Miss Chapman’s face froze. I was usurping her skill, laying flesh over bone.

‘No,’ I said quickly. ‘It’s not finished. I’m not at all happy with it.’

‘Not how it looked to me this morning,’ he said. ‘You seemed pretty pleased with yourself, told me it was almost done. No need to be modest–’ and he lunged to snatch the sketchbook.

I grabbed the bag closed against my chest.

‘Donald,’ said Mr Keiller, ‘pin Miss Robinson’s arms to her sides, will you?’ He had a wicked smile on his face. Miss Chapman’s lips were so tight I thought they’d bleed.

‘Happily,’ said Mr Cromley, and I felt his long slender fingers on my arms, digging in hard, pulling me off balance, though I still held onto the bag. I wriggled against him as Mr Keiller came forward on hands and knees across the rug, a stalking tiger. As he seized the bag, his fingers slid under it and against my breast. His eyes met mine.

‘Alec,’ said Miss Chapman, from the other rug, ‘for God’s sake, leave the child alone.’

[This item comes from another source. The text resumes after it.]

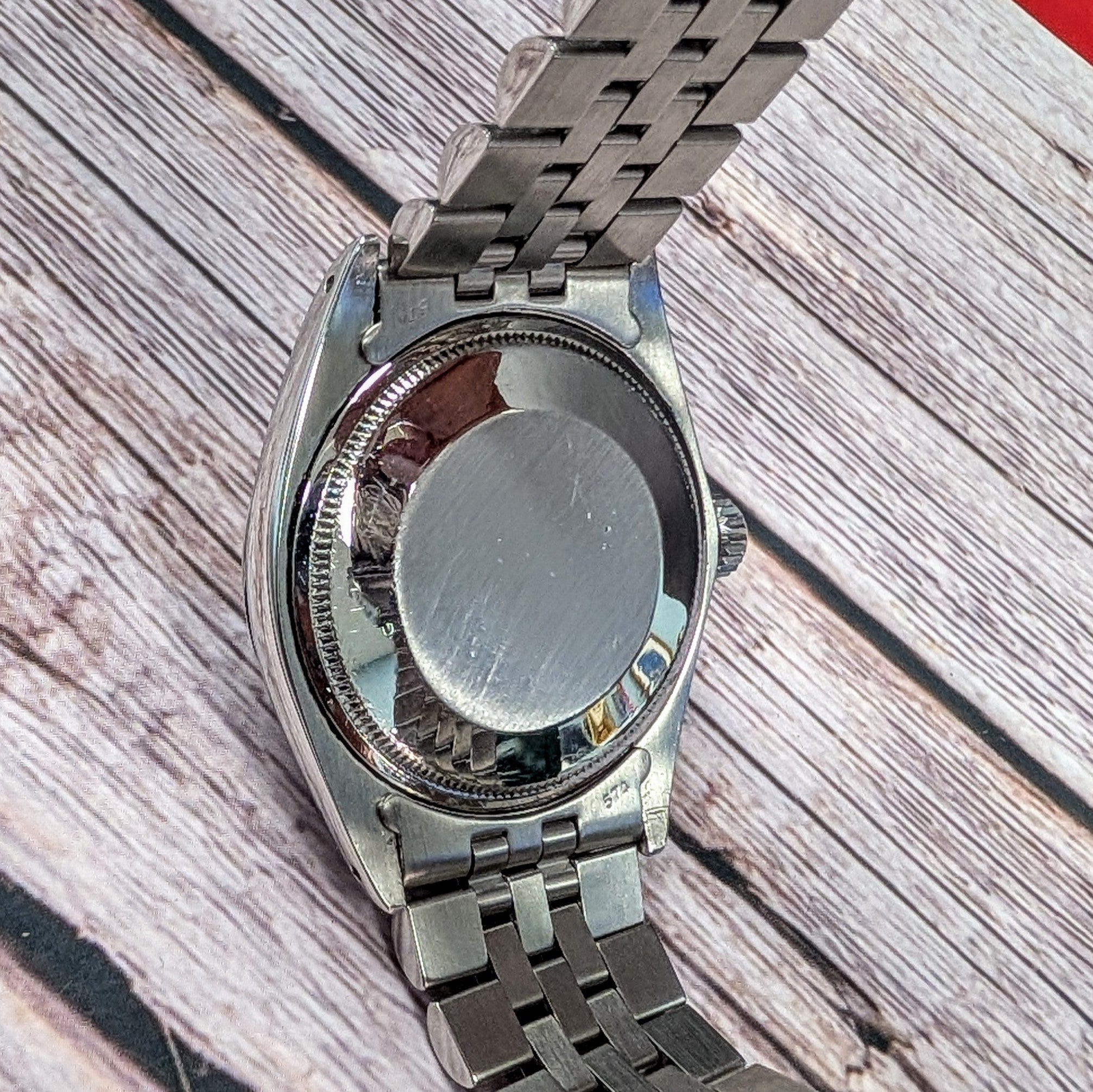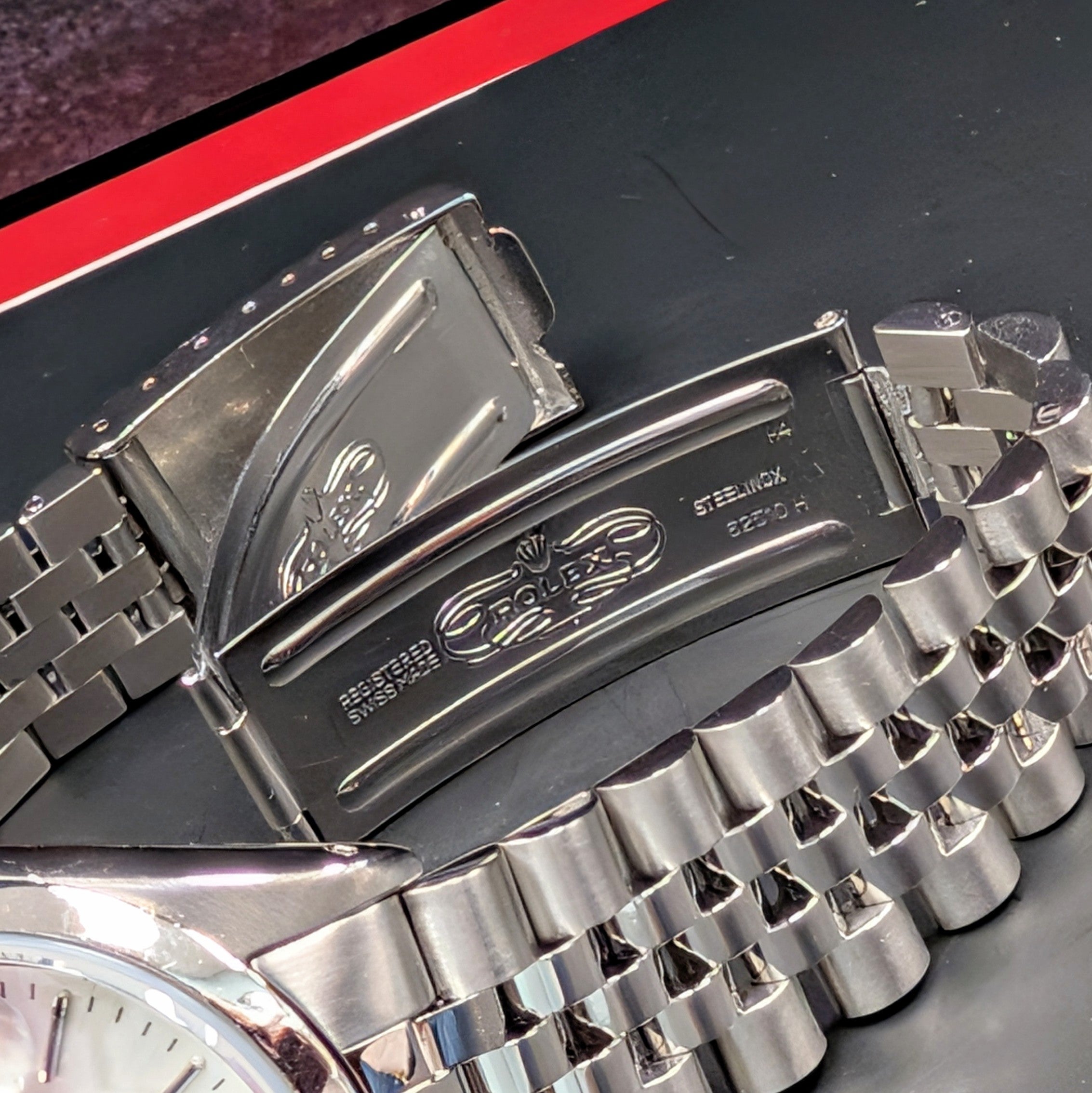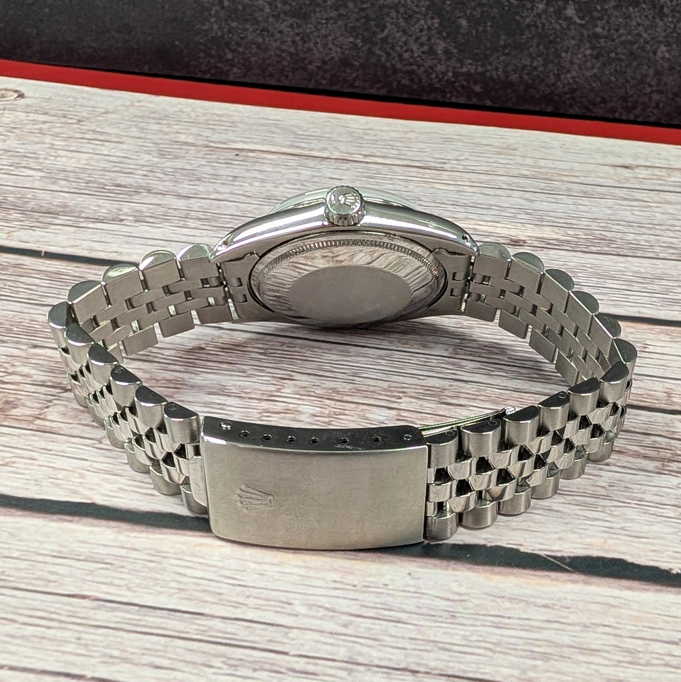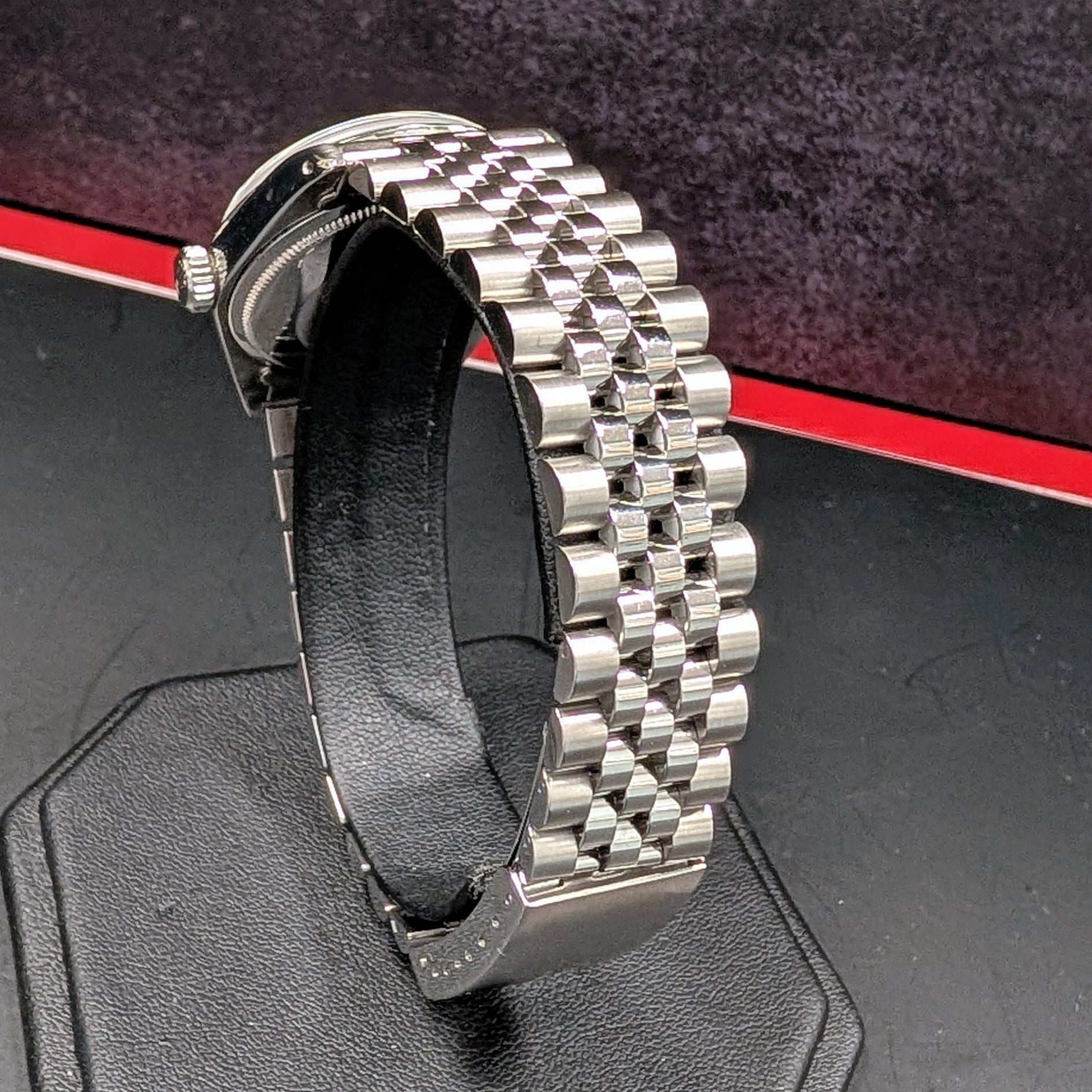 Housed in a 34mm silver-tone stainless steel case with smooth bezel and classic lugs design. The watch features its original signed screw-down crown and robust Oyster case construction. It comes with a Rolex Jubilee bracelet (Ref. 62510H) in stainless steel, offering both comfort and classic style. The watch is in good pre-owned condition with light wear consistent with age, showing a solid case, clean dial, and well-preserved bracelet. Fully inspected and authenticated by our in-house watchmaker, this Rolex Date runs accurately and is ready to wear and enjoy.

‘Oh, I don’t think she’s a child,’ said Mr Keiller. ‘She’s a very determined young woman.’ He took a firmer grip of the bag, his knuckles rubbing against my nipple, hard as a little cherry pip through the thin material of my blouse. ‘She doesn’t want to let her employer have what is rightfully his.’ His eyes were on fire, burning into me. ‘I might have to chastise her.’

I tightened my grasp on the bag. Mr Cromley’s breath was hot on my ear.

‘I think you should let go, Miss Robinson,’ he said, ‘or neither of us shall be answerable for the consequences. Shall we, Alec?’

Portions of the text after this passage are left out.